Ich weiß, dass für einige Fans die Sache eine weitaus größere Bedeutung hat. Dinge, die die NKOTB-Reunion mit sich gebracht haben wie Bekanntschaften, Freundschaften, Reisen um die Welt, was ich in keinster Weise zerreden möchte und ich will hier schon gar keinem auf die Füße treten. Aber vielleicht schadet es nicht, wenn man sich einmal die betriebswirtschaftlichen Hintergründe vor Augen hält, die zu den Dingen, die wir aktuell erleben, führen. Aber wenn ich alles, was NKOTB je hervorgebracht hätten, in Frage stellen und mir total zu Herzen nehmen würde, dann wäre ich kein Fan. Diese Analysen und Philosphierereien hier sind durchaus ernst gemeint, aber obgleich ich an dieser Stelle meist ziemlich nüchtern darüber schreibe, bin ich überzeugter Blockhead.

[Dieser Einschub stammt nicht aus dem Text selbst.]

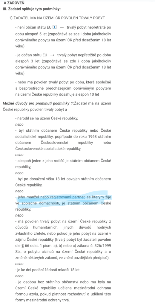Výjimku z desetiletého požadavku mají například osoby, které jsou v manželství s českým občanem po dobu alespoň šesti let, nebo osoby, které se významně zasloužily o republiku. Žádost se podává krajskému úřadu a rozhodnutí vydává prezident republiky.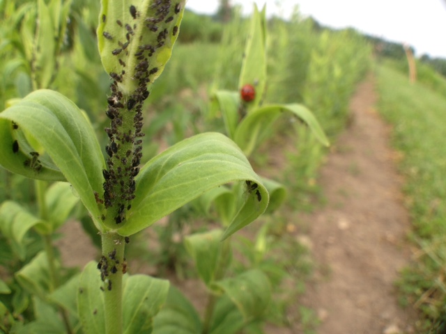 The picture shows colonies of aphids forming in royal catchfly (Silene regal) – note the already curled leaves! In the background, a lone ladybug is going to work. After this photo was taken, more ladybugs appeared and the colony was destroyed. What a great ally for the nursery!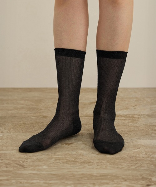 【素材】 極細番手のラメ糸を使用。 【デザイン・シルエット】 シアーな素材感に仕上げたハイソックスです。控えめなラメ感で上品に大人っぽく履いていただけます。 程よくテンションのある履き心地と、細リブデザインですっきりした印象に仕上げました。 とてもシアー感がある繊細な素材なので、春らしく足元に抜け感をプラスしてくれる1品。 つま先上部の縫い目を足底に持っていきごろつきがないスムースな仕上げになっているので、サンダルやオープントゥでもソリッドな美しいトゥ先が叶います。 【カラー】 ブラック、ホワイト、ピンクベージュ、3色展開 ※画像の商品はサンプルです。実際の商品と仕様、加工、サイズが異なる場合がございます。 ※撮影場所やライティング、お使いのモニター環境によって色の見え方が異なる場合がございます。 ※商品のカラーは画像の色味をご参照ください。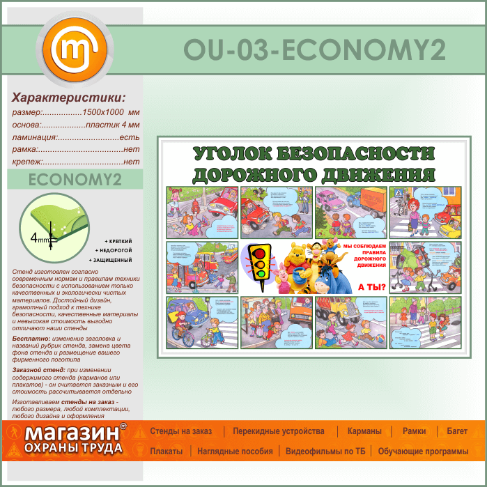 Стенд «Уголок безопасности дорожного движения» (OU-03-ECONOMY2) в Краснодаре купить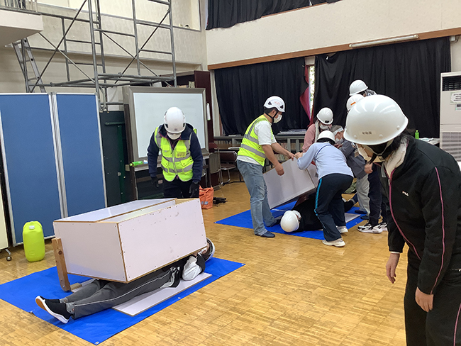 ![]() | 家具に挟まれる体験をしました。30kgの一番軽い家具でも挟まれると全く動かせず、家具を固定しておくことの大切さを身をもって知りました。 | ![]() |

Nächste Woche werde ich über die Autobahn einige viele Kilometer zu einem Blockhead-Meeting düsen. Und dabei wird Martini sich unter anderem wieder das Dallas-Live-Konzert in die Anlage werfen und sich mit der geilsten Band der Welt volldröhnen und erst eine lonely Highway-Blockhead-Party feiern und danach mit Gleichgesinnten (die einzigen Menschen, mit denen über das Blockheadtum 'sinnvoll' zu reden ist) zusammensitzen. Da interessiert es mich doch einen Scheiß, ob nkotb.com nun was kostet, die Backstreet Boys künftig dabei sein dürfen oder Donnie wieder mal Marketing-Weisheiten tweetet. I'm having a good time! Einmal Blockhead, immer Blockhead <--- das ist aber mein ganz persönliches Resümee, das ich für mich ziehe. Jeder muss seine eigenen Konsequenzen aus dem, was NKOTB tun oder eben auch nicht, ziehen. It's a free world!